I totally agree with you, I want the fibre xtension mascara and ME silver 945 e/s, but must wait until a trip to the states. 

I dont really get why most companies dont sell products or even ship to canada. Its rather annoying.


----------



## mac_obsession (Apr 21, 2005)

I was rather surprised that Sephora only carries 2 items of Shu Uemura. I was truly dissapointed. 
I ordered directly from the site, you may want to see if theyll ship to Canada cause I know they do ship to a lot of places..


----------



## mspixieears (Apr 24, 2005)

Australians do too! And British-born residents  
	

	
	
		
		

		
			





We have perhaps 2 or 3 products available and they can be ordered online, posting internationally:

www.meccacosmetica.com.au

I have a love-hate relationship with this place in that it stocks fantastic stuff at 3-4 times the price it sells for in its country of origin. Ugh. Yes, I have been dumb/desperate enough to purchase from there!


----------



## Blyss (Apr 24, 2005)

I know the feeling.  Ever since they left Holt Renfrew close to 2 years ago, I've been dying to see Shu again.  Supposedly there is a few Shu items at a little boutique in downtown Toronto called Pir Cosmetics.

www.pircosmetics.com

Supposedly they're coming back next year but HR said that last year as well.


----------



## Chelsea (Apr 24, 2005)

PIR used to carry the whole line 
	

	
	
		
		

		
		
	


	




 The website charges something like $45 to ship to Canada. I think your best bet is to have an american order from the site and ship to you or have someone who lives near a boutique CP for you. 

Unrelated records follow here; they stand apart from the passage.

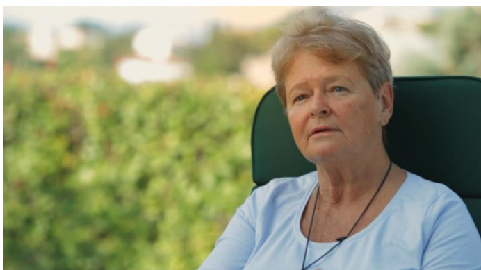
Gro Brundtland - Ex-

Primeira Ministra da Noruega e Diretora Geral da Organização Mundial da Saúde
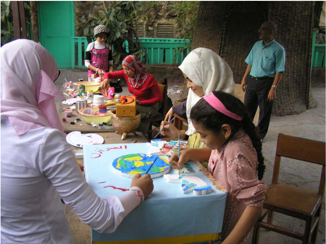
الأطفال وعمل فني يدعو للحفاظ على البيئة
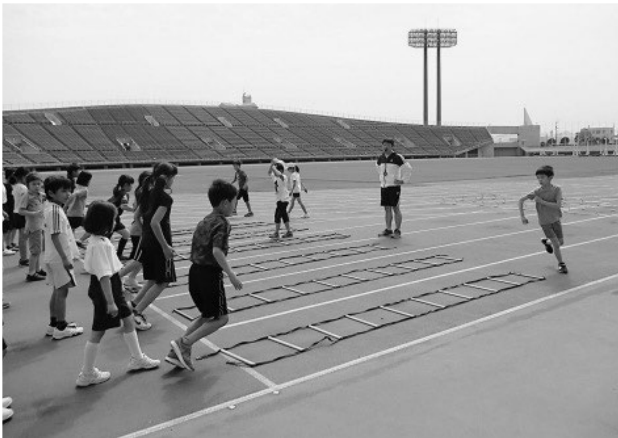
↑ GWイベント 速く走る方法をマスターしよう
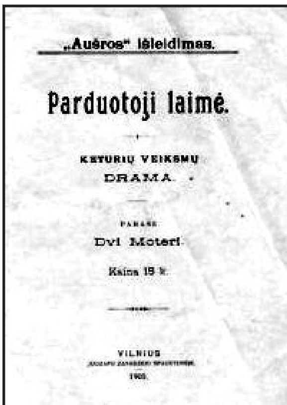
Parduotoji laimė. Parašė Dvi Moteri (Žemaitė ir G. Petkevičaitė-Bitė), 1905 m.

Susitarėm dabar, paduodamos ranką viena antrai, keliauti taku mylimosios literatūros. Ko aš nežinosiu ar nesuprasiu, jos pasiklausti arba knygos kokios nuo jos gauti. O ji ką parašius, aš prižadėjau kalbą pataisyti. Turinti pradėtą apysaką ilgą. Dar nebaigtą. Daugiau iš inteligentų gyvenimo. Kai pabaigs, duos man kalbą taisyti. Pamatysma, kaip mums pavyks. Tep išviešėjau celanėdėlę (lygiai panėdėly išvažiavom). Antrad. Poni, senis daktaras važiavo į Panevėžį ir mane nuvežė.
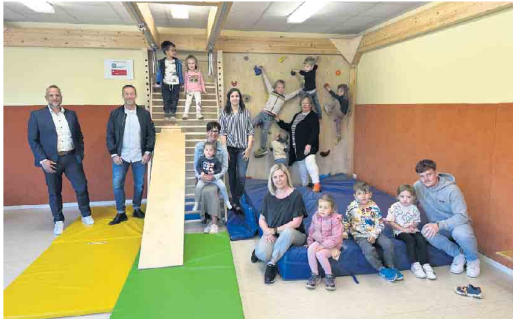
Das Motorikzentrum im Familienzentrum Haus der kleinen und großen Leute wurde erweitert.
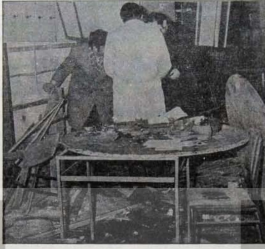
"Ülkücü" akdrların hesabı kapatılmaz!...

AP Genel Başkanının Başbakan Ecevit'e yönelik bir sinir harbini de ihmal etmediği gözleniyordu. Ecevit'in kendi-
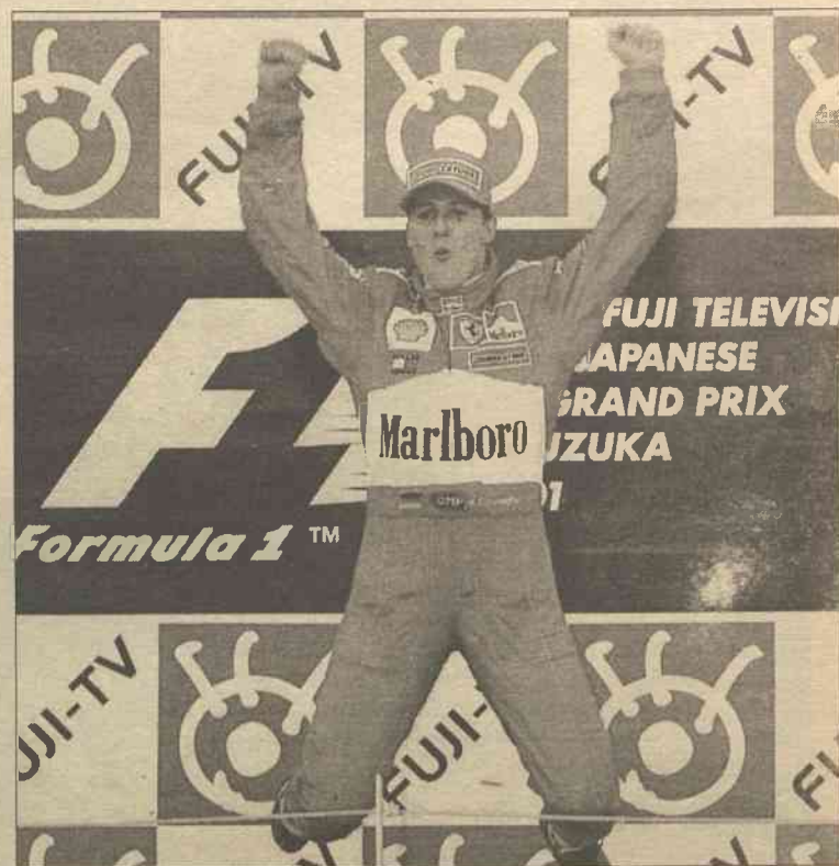
Rok 2001 przyniósł wiele zwycięstw i powodów do radości dla niemieckiego mistrza kierowcy Michaela Schumachera
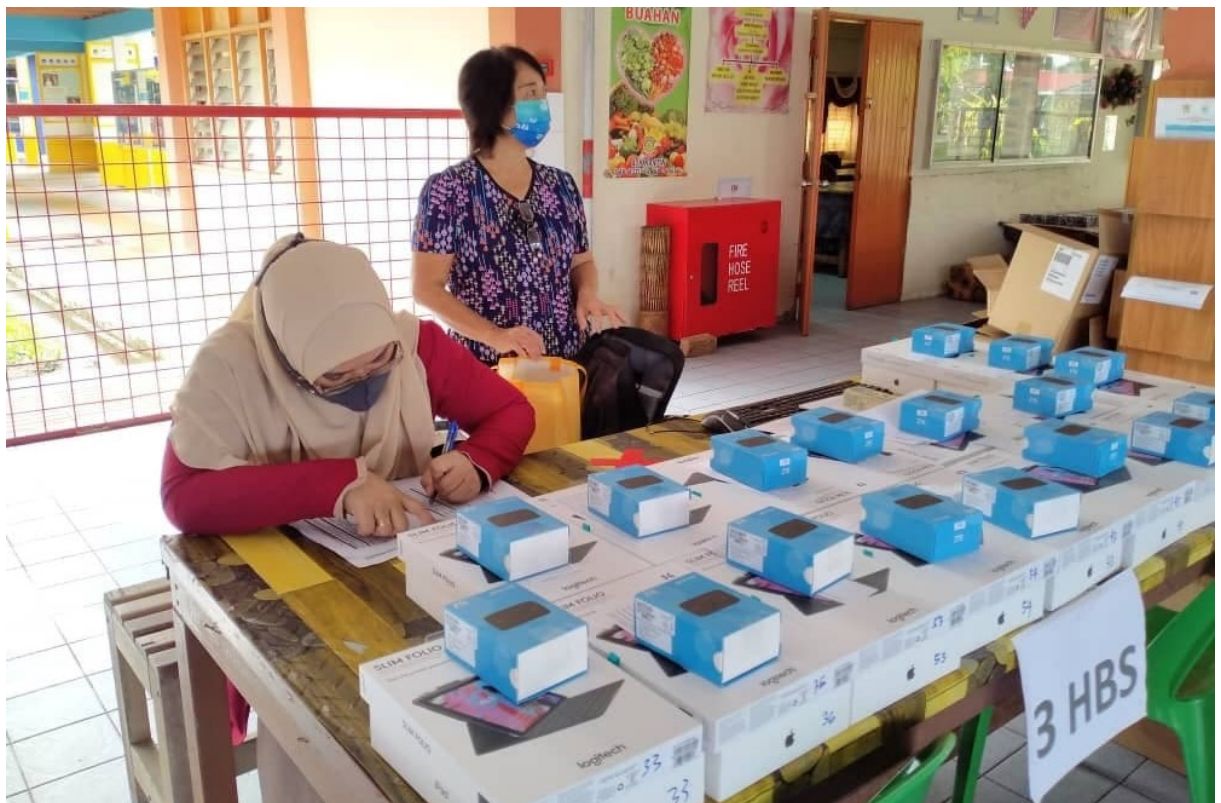
Guru-guru SMK Mutiara bertungkus lumus membantu mengagihkan peranti kepada murid
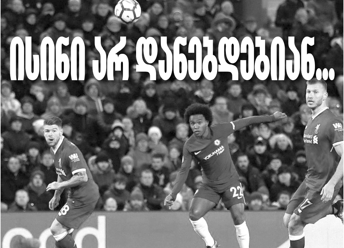
ნამიკ და ვილიანის დარტყმული ბურთი ლივერპულის კარში ჩაეგდება...
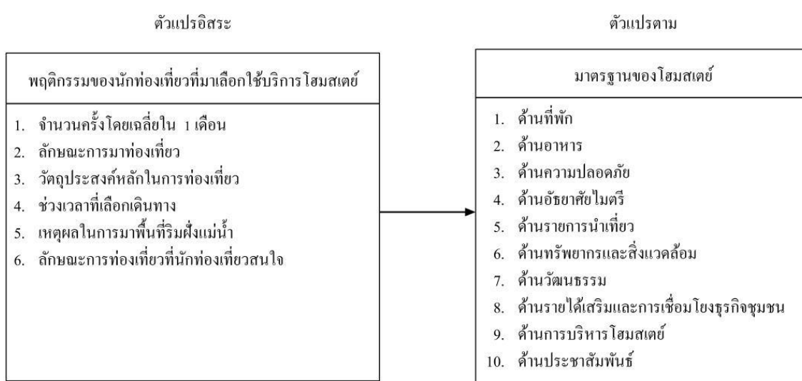
ภาพที่ 3 ความสัมพันธ์ของตัวแปรตามสมมติฐานที่ 3

นักท่องเที่ยวชาวไทยที่มีพฤติกรรมท่องเที่ยวแตกต่างกัน มีความคิดเห็นเกี่ยวกับมาตรฐาน โฮมสเตย์ริมฝั่งแม่น้ำแม่กลอง จังหวัดสมุทรสงคราม แตกต่างกัน
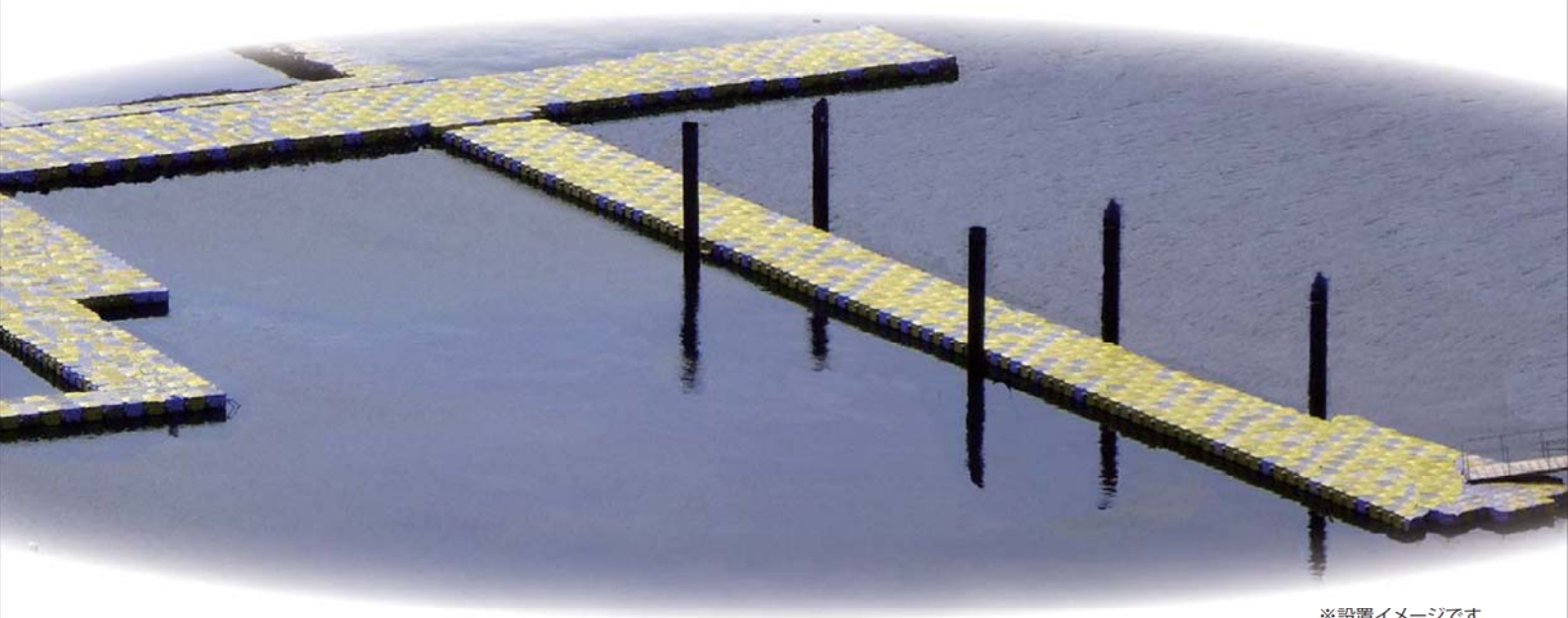
※設置イメージです。

If you can't find anyone, lmk because I will be visiting the boutique in MAY


----------



## JasmineH (Jun 8, 2007)

they sell it at the Holt Renfrew in vancouver now


----------



## tinagrzela (Jun 8, 2007)

I'm in Sudbury Ontario and we have the Shu line at Sears, believe it or not!!


----------



## yumemiru (Jun 11, 2007)

i think sears might have it, but they are prob in a counter with other brands, unlike Sheshido, EA or Estee Laude which have their own bigger counters.


----------



## tinagrzela (Jun 11, 2007)

Quote:

   Originally Posted by *yumemiru* 

 
_i think sears might have it, but they are prob in a counter with other brands, unlike Sheshido, EA or Estee Laude which have their own bigger counters._

 
yup! at my store, it's with the elizabeth arden stuff...arden on one side and sheisido on the other...


----------



## OolilredoO (Jun 24, 2007)

i think we have one in the new holt renfrew in vancouver


----------



## Bybs (Jun 24, 2007)

https://www.shuuemura-usa.com ships to Canada


----------



## PBunnieP (Jul 3, 2007)

Shu Uemura is available at Holt Renfrew in downtown vancouver. Holt is a high end department store selling everything from Versace to DG along with a variety of makeup lines. I know they have more locations in canada....check out their website and see if they've got one where you live. Good luck hun.


----------



## cloudburst (Jan 28, 2008)

Yes Holt's in vancouver has Shu Uemura - they first had it maybe 5-6 years ago, then got rid of it, now it's back!  If you have a Holt's in your city & know exactly what products you want I bet you could have them charged to your credit card & sent to your local store.  It's worth a try.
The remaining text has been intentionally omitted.